Thursday, October 20, 2011

Deja vu: Libya 2011=Romania 1989

Last February, I posted If 2011=1989, then Muammar Gaddafi=Nicolae Ceausescu #Libya. Here's what I wrote.



I can tell I'm getting old when I examine a situation, particularly a big picture foreign political crisis, and say "I've seen this movie before, and I know how it will end." For how this movie will end, read the pages at the links.

The Hole in the Flag

Nicolae Ceauşescu

I'm not the first one to think this, either. On February 23rd, First Draft posted Gaddafi is Arabic for Ceausescu.
Eight months later, the analogy/prediction held true all the way to its bitter end.

Al Jazeera English: Muammar Gaddafi killed in Sirte
NTC military chief says toppled leader died of wounds following capture near his hometown of Sirte.
Last Modified: 20 Oct 2011 14:40
Al Jazeera has acquired exclusive footage of the body of Muammar Gaddafi after he was killed in his hometown, Sirte.

"We have been waiting for this moment for a long time. Muammar Gaddafi has been killed," the de facto Libyan Prime Minister Mahmoud Jibril told reporters in Tripoli.

Abdul Hakim Belhaj, an NTC military chief, said Gaddafi had died of his wounds after being captured near Sirte on Thursday.
...
Meanwhile in Benghazi and Tripoli, crowds gathered in the streets to start celebrating the death of Gaddafi.
The only failure in the anology was that Gaddafi was not executed by a firing squad. Details, details. He still died after being captured and shot by the rebels at the end of a bloody civil war. Considering that history is more likely to rhyme than to repeat itself, that's good enough for me.

Now to consider the next question I asked.
So, if Libya is this generation's Romania, who will be this generation's Soviet Union?  Will it take another two years for that last domino to fall, just as it did between the fall of the Iron Curtain and the end of the Soviet Union?
In comments, ygrii_blop predicted.
The United States is the next Soviet Union, of course.
I dissented mildly.
You and Dmitry Orlov would agree. However, it doesn't fit the analogy that well, as the other regimes that have fallen or are most at risk right now are all in North Africa and the Middle East.
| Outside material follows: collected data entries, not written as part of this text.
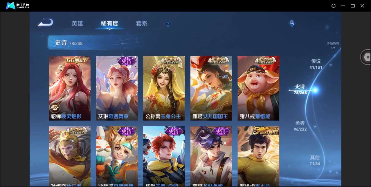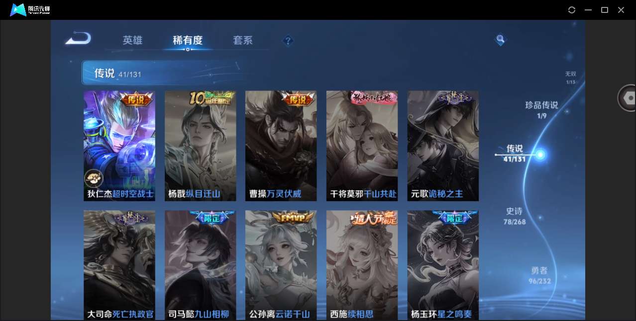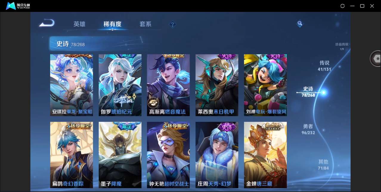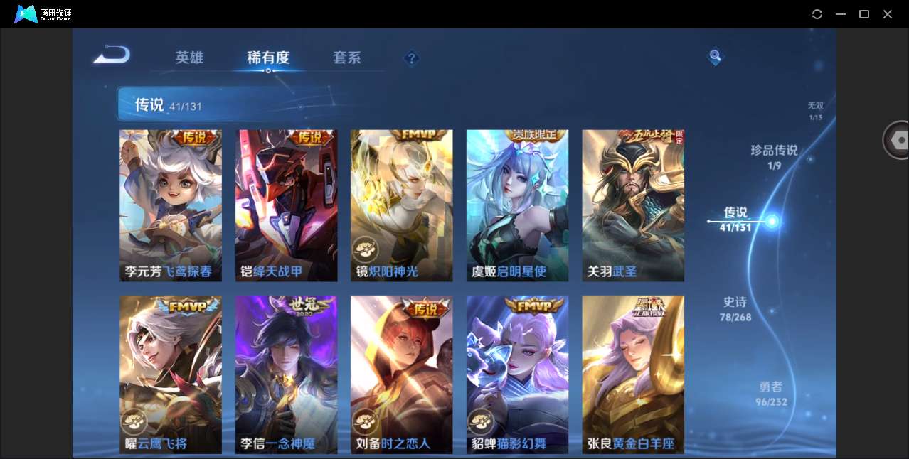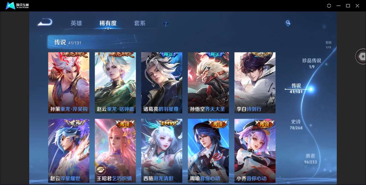 ky 苹果(q)区 290皮 3典藏 1无双 1珍品传说 41传说 94限定 4王者印记 1星
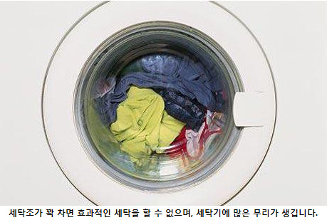 세탁이 됩니다. 그러므로 세탁조를 꽉꽉 채우면 깔끔한 세탁이 되지 않습니다.
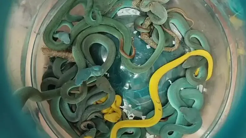 La oficina de aduanas de Bombay informó del hallazgo el domingo a través de X, donde también publicó fotografías de los animales incautados, entre ellas 44 víboras de fosetas de Indonesias, especie de color azul y peso ligero.
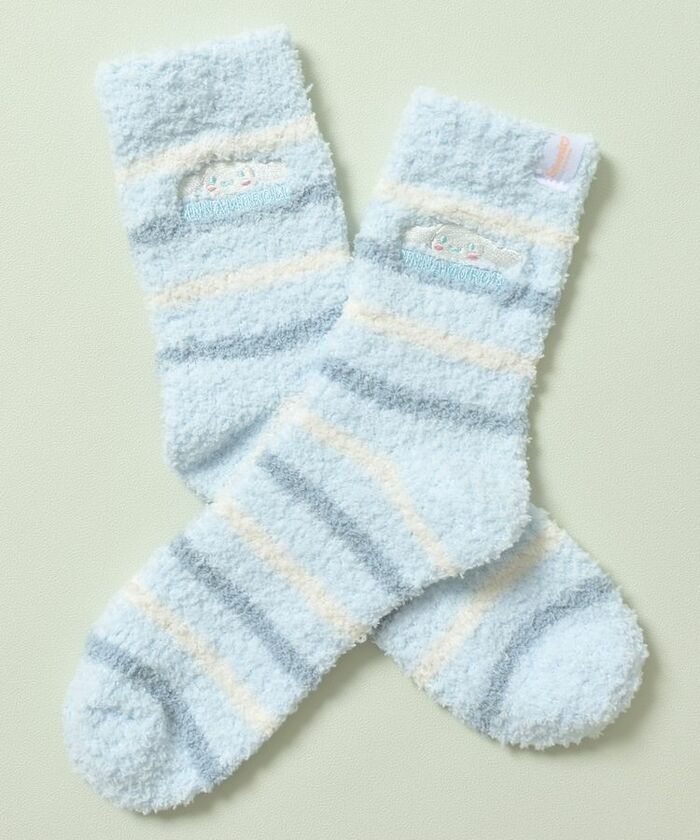 おうち時間も可愛く。大人気サンリオキャラクターのルームソックスが登場しました。ポップなボーダー×キュートなキャラ刺繍が新鮮なデザイン。ソックスは程よい長さのベーシックなクルー丈タイプです。また、ふわふわで肌触りのよいモール素材を採用しています。大好きなキャラと一緒なら、おうち時間もさらに楽しくなりそうですね。

For the analogy to hold, the final domino (in the current row, at least) would be either Saudi Arabia or Iran.

As for the analogy I'd prefer, the U.S. isn't the next USSR. For starters, the former Soviet Union was never the hegemon; it was the challenger to the hegemon. Right now, that role is occupied by China, which doesn't bode well for China taking over the role, as all the previous challengers (Spain, France, Germany, and the USSR) have all failed to take over the top spot in the world system. The country that takes over is usually an ally of the hegemon (the UK was an ally of Holland's and the US is an ally of the UK). If the Chinese become a partner of the US instead of a rival, then they'll be in the perfect position to take over.

Instead, I see the US is the next UK. The UK was an empire of coal, and the US is an empire of oil. As oil declines, so will we. Whoever has control of the next energy source will be ascendant.
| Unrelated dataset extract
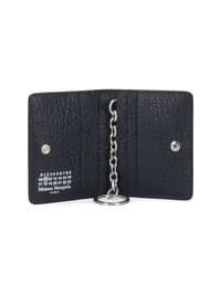 MAISON MARGIELA LEATHER CARDHOLDER, BLACK, BUTTON CLOSURE, INSIDE WITH LOGO LETTERING, VARIOUS SLOTS AND CHAIN WITH RING, BACK WITH ICONIC CONTRAST STITCHING. AUTUMN WINTER 2022 2023, ACCESSORIES, CARDHOLDERS AND WALLETS, WOMEN. PRODUCT INFO PRODUCT CODE S56UI0128 P4455T8013 - 100% LEATHER - H 10 X W 7.5 CM - MADE IN ITALY - S56UI0128 P4455-T8013 MADE IN: ITALY
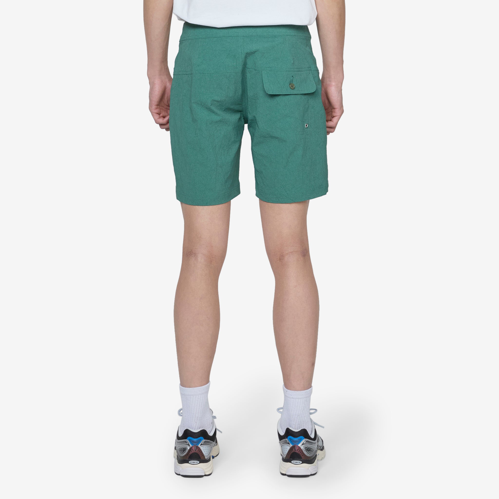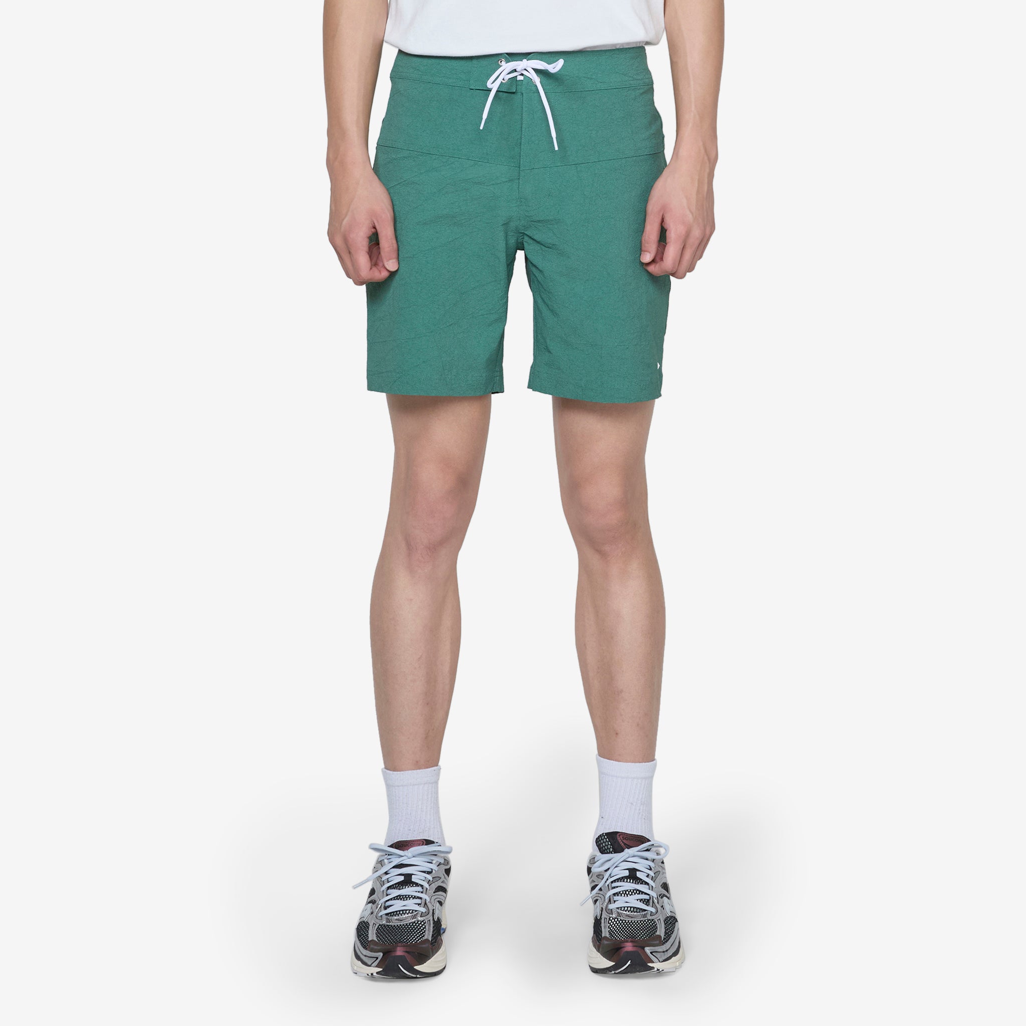 Men's Quigg Boardshort in Green from Pilgrim Surf Supply. Relaxed fit board shorts with a drawstring waistband. Crafted from a nylon fabric for quick-drying and stretch properties. Finished with a single back pocket with a key loop.

However, the future could prove me wrong. The US is in terrible shape to survive the decline of oil, and the people are not in contact with reality. Americans will not take it well and the results will not be pretty.
Right now, I'm not seeing the kind of ferment in Iran and Saudi Arabia that would bear out my prediction. On the other hand, the Occupy movement is making ygrii_blop's suggestion look very good.
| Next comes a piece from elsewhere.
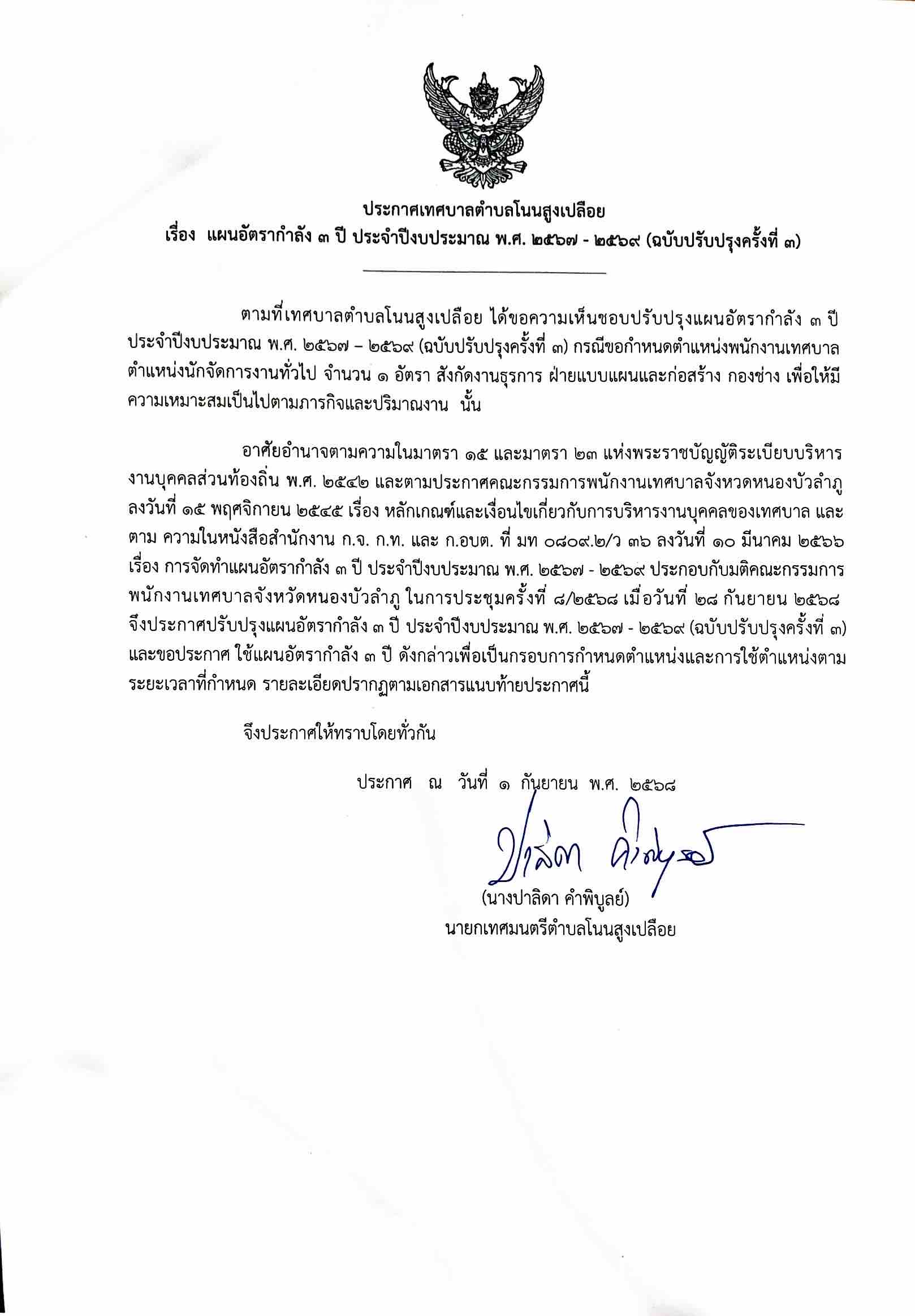 ประกาศเทศบาลตำบลโนนสูงเปลือย เรื่อง แผนอัตรากำลัง ๓ ปี ประจำปีงบประมาณ ๒๕๖๗ - ๒๕๖๙ (ฉบับปรับปรุงครั้งที่ ๓)

Just for fun, this is the music that's playing in my earphones right now.





It's from "The Wind and The Lion," which is set in Libya North Africa (specifically Morroco). Thanks Nebris in comments.  Make of that what you will.

4 comments:

  1. "The Wind and The Lion" takes place in Morocco.

    ReplyDelete
  2. Well, crap. I guess the choice of History Repeating I used on LJ/DW is a better one anyway.

    ReplyDelete
  3. Ceauşescu is a Christmas story. The Gaddafi story is much more of a Halloween tale.

    No matter. It's now safe to put Muammar back on the list of acceptable baby names.